(Я должен оговориться: конечно, это была горячая полемика между Есениным и Маяковским. В беседах да и на заседании «Ордена» Сергей говорил, хорошо бы иметь такую «политическую хватку», какая у Маяковского. Однажды, придя в «Новый мир» на прием к редактору, я сидел в приемной и слышал, как в секретариате Маяковский громко хвалил стихи Есенина, а в заключение сказал: «Смотрите, Есенину ни слова о том, что я говорил». Именно эта взаимная положительная оценка и способствовала их дружелюбным встречам в 1924 году.)
Есенин стоял без шапки, в распахнутой шубе серого драпа, его глаза горели синим огнем, он говорил, покачиваясь из стороны в сторону, говорил зло, без запинки.
— У этого дяденьки — достань воробышка хорошо привешен язык, — охарактеризовал Сергей Маяковского. — Он ловко пролез сквозь угольное ушко Велемира Хлебникова и теперь готов всех утопить в поганой луже, не замечая, что сам сидит в ней. Его талантливый учитель Хлебников понял, что в России футуризму не пройти ни в какие ворота, и при всем честном народе, в Харькове, отрекся от футуризма.

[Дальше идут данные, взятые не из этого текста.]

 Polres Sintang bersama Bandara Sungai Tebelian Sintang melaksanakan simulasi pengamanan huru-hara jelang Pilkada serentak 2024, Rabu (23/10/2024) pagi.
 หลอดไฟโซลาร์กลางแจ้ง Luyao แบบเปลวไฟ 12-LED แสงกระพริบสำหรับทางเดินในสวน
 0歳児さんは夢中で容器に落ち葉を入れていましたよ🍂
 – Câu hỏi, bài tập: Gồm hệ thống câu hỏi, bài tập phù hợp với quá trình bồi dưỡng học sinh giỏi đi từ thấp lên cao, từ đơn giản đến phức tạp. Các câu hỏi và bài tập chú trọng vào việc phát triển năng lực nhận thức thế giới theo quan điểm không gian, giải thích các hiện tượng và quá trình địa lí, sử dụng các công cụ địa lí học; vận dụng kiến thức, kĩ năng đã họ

Этот председатель Земного шара торжественно вступил в «Орден имажинистов» и не только поместил свои стихи в сборнике «Харчевня зорь», но в нашем издательстве выпустил свою книгу «Ночь в окопе».

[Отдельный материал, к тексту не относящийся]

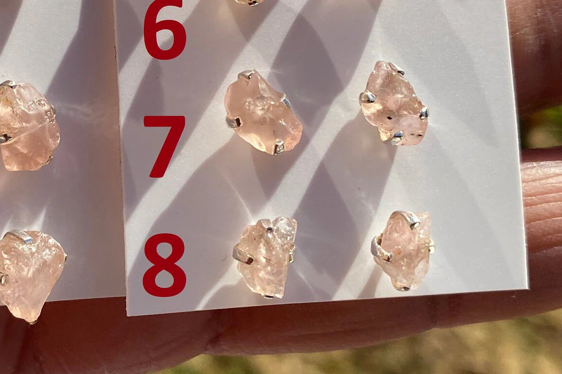 Raw Natural Morganite Gemstone Stud Earrings, Sterling Silver, Rough Morganite Stud Earrings, Morganite Jewelry, Prong Earring, Post Earring

(Действительно, в «Харчевне зорь» были напечатаны три стихотворения Хлебникова, из них одно десятистрочное:
— А ученик Хлебникова Маяковский все еще куражится, — продолжал Есенин. — Смотрите, мол, на меня, какая я поэтическая звезда, как рекламирую Моссельпром и прочую бакалею. А я без всяких прикрас говорю: сколько бы ни куражился Маяковский, близок час гибели его газетных стихов. Таков поэтический закон судьбы агитез!
— А каков закон судьбы ваших «кобылез»? — крикнул с места Маяковский.

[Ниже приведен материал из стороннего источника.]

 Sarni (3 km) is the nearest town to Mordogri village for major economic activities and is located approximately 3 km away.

— Моя кобыла рязанская, русская. А у вас облако в штанах! Это что русский образ? Это подражание не Хлебникову, не Уитмену, а западным модернистам…
Перепалка на суде шла бесконечная. Аудитория была довольна: как же, в один вечер слушают Брюсова, Есенина, Маяковского, имажинистов, которые в заключение литературного судебного процесса стали читать стихи. Сергей начал свой «Сорокоуст», но на четвертой озорной строке, как всегда, начался шум, выкрики: «Стыдно! Позор» и т. д. По знаку Шершеневича мы подняли Есенина и поставили его на кафедру. В нас кто-то бросил недоеденным пирожком. Однако Сергей читал «Сорокоуст», по обыкновению поднимая вверх ладонью к себе правую разжатую руку и как бы крепко схватив в строфе основное слово, намертво сжимал ее и опускал.
Когда выступающие на вечере, кроме имажинистов, стали расходиться, Рюрик Ивнев предложил всем немного отдохнуть. Мы расселись в примыкающей к эстраде комнате. Переволновавшись на вечере, я опустился в глубокое кресло, прислонился к спинке и закрыл глаза. Я слышал, как обсуждали выступление Маяковского и речь Есенина. Вдруг до меня донеслись четкие слова:
— Граждане имажинисты…
Я открыл глаза и увидел командира милиции с двумя шпалами в петлицах, который, вежливо отдавая приветствие, предлагал нам всем последовать за ним в отделение.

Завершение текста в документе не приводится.